In both cases, however, the conclusion is essentially the same: the luster has worn off the category. After a decade of so of being the hottest property in consumer electronics, the devices are have transformed from objects of desire to commodities. Explosive growth has given way to saturation.

That, coupled with slowed upgrade cycles, means that the occasional 1% increase in smartphone shipments is regarded as a net positive. Obviously, those aren’t the kinds of numbers you want to offer shareholders.

Both reports highlight two other related trends. First, people don’t want to spend as much money on their devices. As smartphone ownership has moved from flashy status symbol to utilitarian device, the price of flagships has continued to rise. We’re used to a more inverse relationship between these two factors, of course, but as sales have stagnated, the price of flagships have ballooned to over $1,000.

Is it any surprise that Samsung’s recent success in markets like Europe has been driven by its Galaxy A line? The company now commands more than a quarter of that market, with all four of its top spots occupied by entries in that mid-tier line.

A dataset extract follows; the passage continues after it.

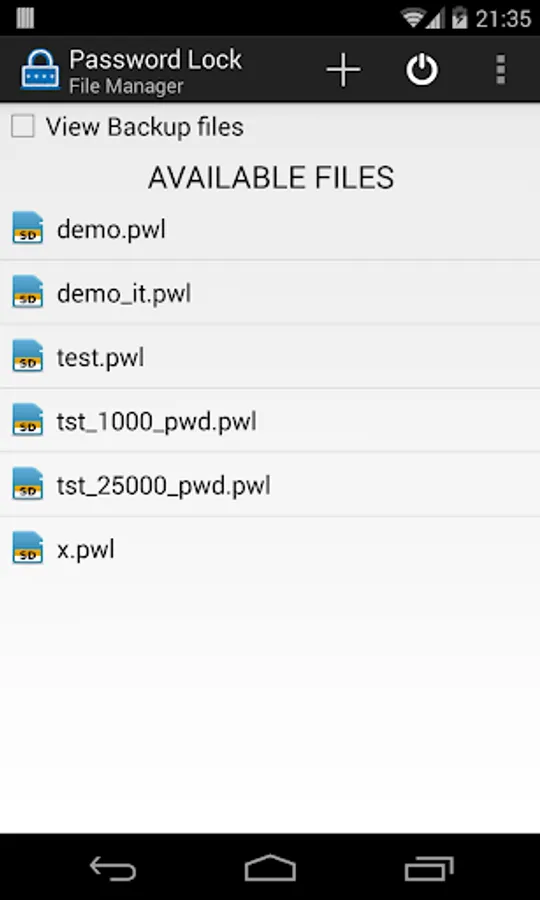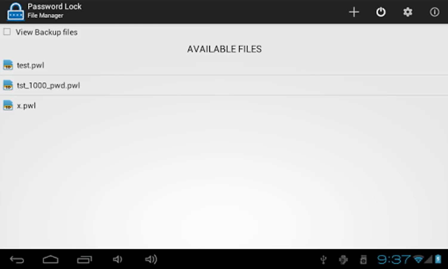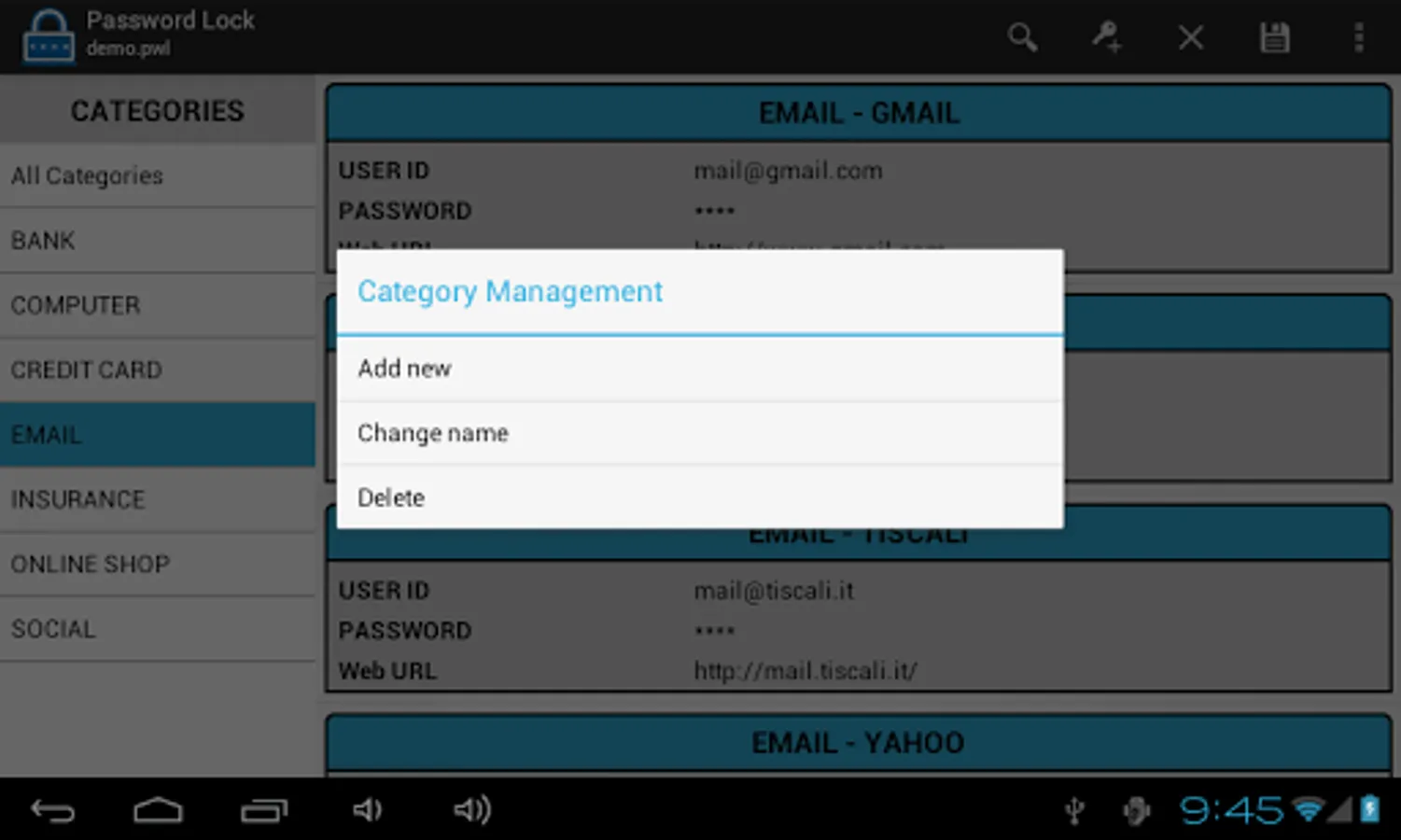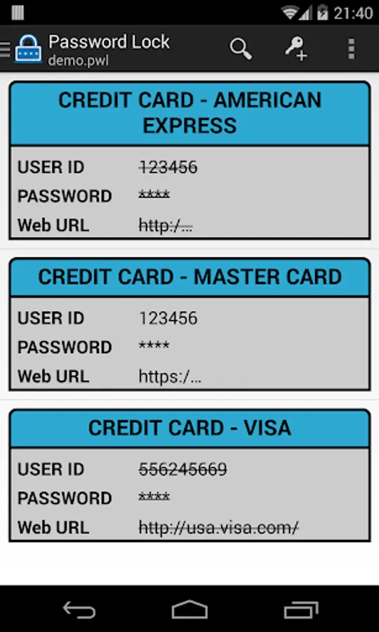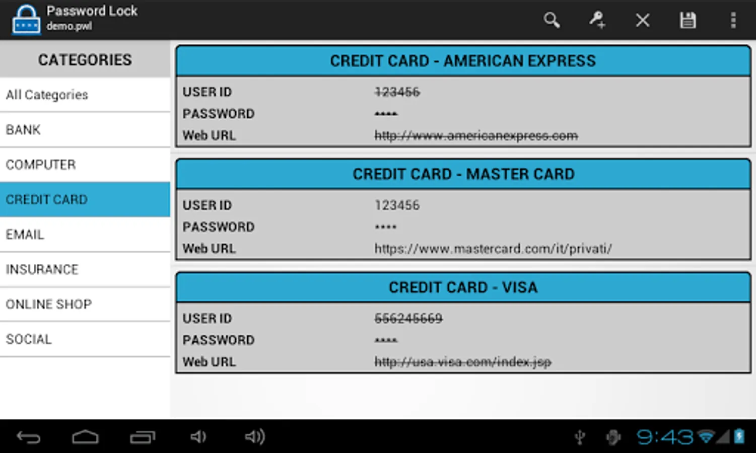 With Password Manager (Password Lock) you can store and manage all your passwords, i.e. credit cards and ATM PIN codes, ID and USERS codes in a single encrypted file which can be read only from you both through your Android device and through your PC with an also available free multi-platform Desktop version which runs on Windows, MacOsX and Linux.

The other key takeaway here: many users are simply waiting for the next big thing. That, I assume, applies to many traditionally early adopting big spenders. Analysts have long suggested that 5G will help reverse flagging smartphone sales — at least temporarily. But the flip side of that is many premium device purchasers sitting out this round, in anticipation of more 5G devices, and/or network rollouts in their area.

After all, for all of the 5G bluster we’ve heard from carriers, we’re still a ways away from the sort of critical mass required for such purchases to make sense. We’ll likely begin to see some of these numbers begin to turn in the right direction next year. It will be a welcome reprieve after several dismal quarters for sales figures.

That said, the larger trends here are still the dominant ones. After initial purchases of 5G devices, I suspect we’re going to see a regression to earlier figures, short of some new revolution happening in the category. Companies like Apple need to brace for this reality and find a way to further appeal to price-conscious consumers, lest they cede even more marketshare to budget smartphone makers.